In October, Cain filed a $20 million lawsuit against Nike Inc. and Salazar. In the suit, Cain alleged that during her four years as a Nike runner, she endured emotional, verbal, and physical abuse at the hands of Salazar. In the suit, Cain alleges fraud, negligence, personal injuries, intentional infliction of emotional distress and sex discrimination.

Salazar appealed SafeSport’s initial July ruling. Now that the ruling is official, the SafeSport database only lists sexual misconduct, not emotional misconduct, as the reason for the ban. Salazar has previously denied any allegations of abuse or weight shaming, while apologizing for potentially hurtful comments.

“On occasion, I may have made comments that were callous or insensitive over the course of years of helping my athletes through hard training,” Salazar wrote in a 2019 statement. “If any athlete was hurt by any comments that I have made, such an effect was entirely unintended, and I am sorry.”

Separately, in 2019, the coach was suspended from the sport for four years by the U.S. Anti-Doping Association, which found that he had trafficked testosterone, tampered or attempted to tamper with the doping control process and administered a banned IV infusion.
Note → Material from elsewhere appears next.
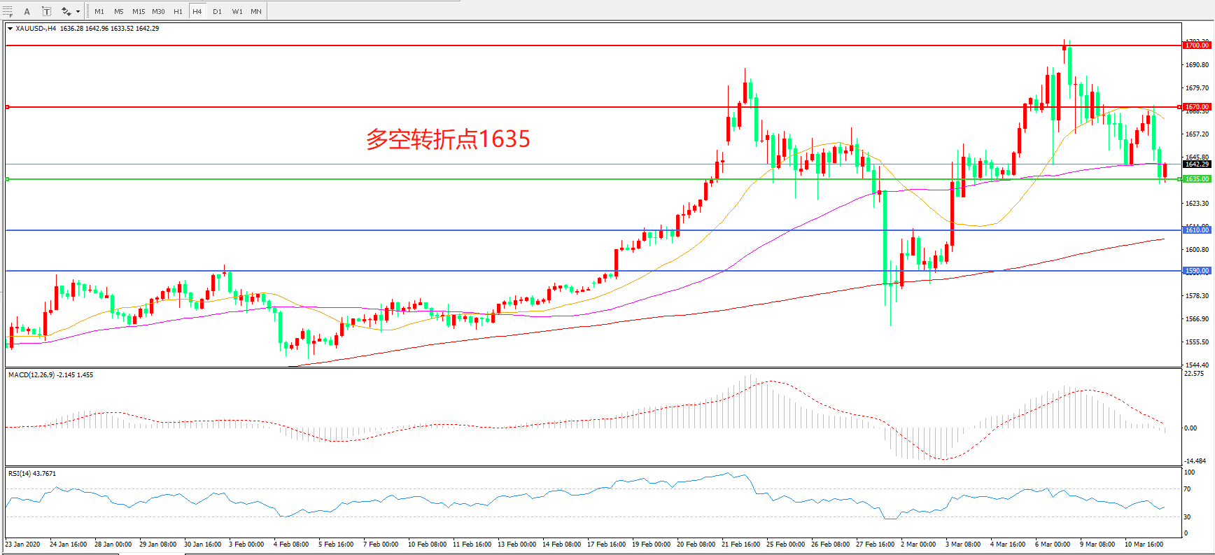 4小时图看,金价冲高回落,有形成头肩顶的迹象,短期涨势暂缓,均线系统走平,MACD红柱减少,绿柱增加,RSI指标向上,日内重点关注1635一线得失。

In March, he appealed that suspension with the independent Swiss-based Court of Arbitration for Sport, though the court has yet to issue a ruling.

Nike wound down the Oregon Project over two years ago following the suspension and terminated its contract with Salazar. “In August 2021, we changed the Alberto Salazar building name to Next% following SafeSport’s decision to permanently ban Alberto from coaching,” Nike told FN in a statement.

Previously, former Nike CEO Mark Parker said the brand would support the coach through his appeal. “This situation, along with ongoing unsubstantiated assertions, is a distraction for many of the athletes and is compromising their ability to focus on their training and competition needs,” Parker wrote in a memo, calling the suspension “wrong” “for someone who acted in good faith.”

In a leaked October 2019 memo, Parker strongly refuted any allegations of orchestrated doping, writing that “I would never condone cheating of any kind in sport or otherwise and I expect you [Nike employees] wouldn’t either.”

Parker resigned from his role later that month. At the time, the brand was also embroiled in several controversies about its treatment of female employees and athletes, and of minority team members, which new leadership has since made significant strides to address through diversity and inclusion initiatives.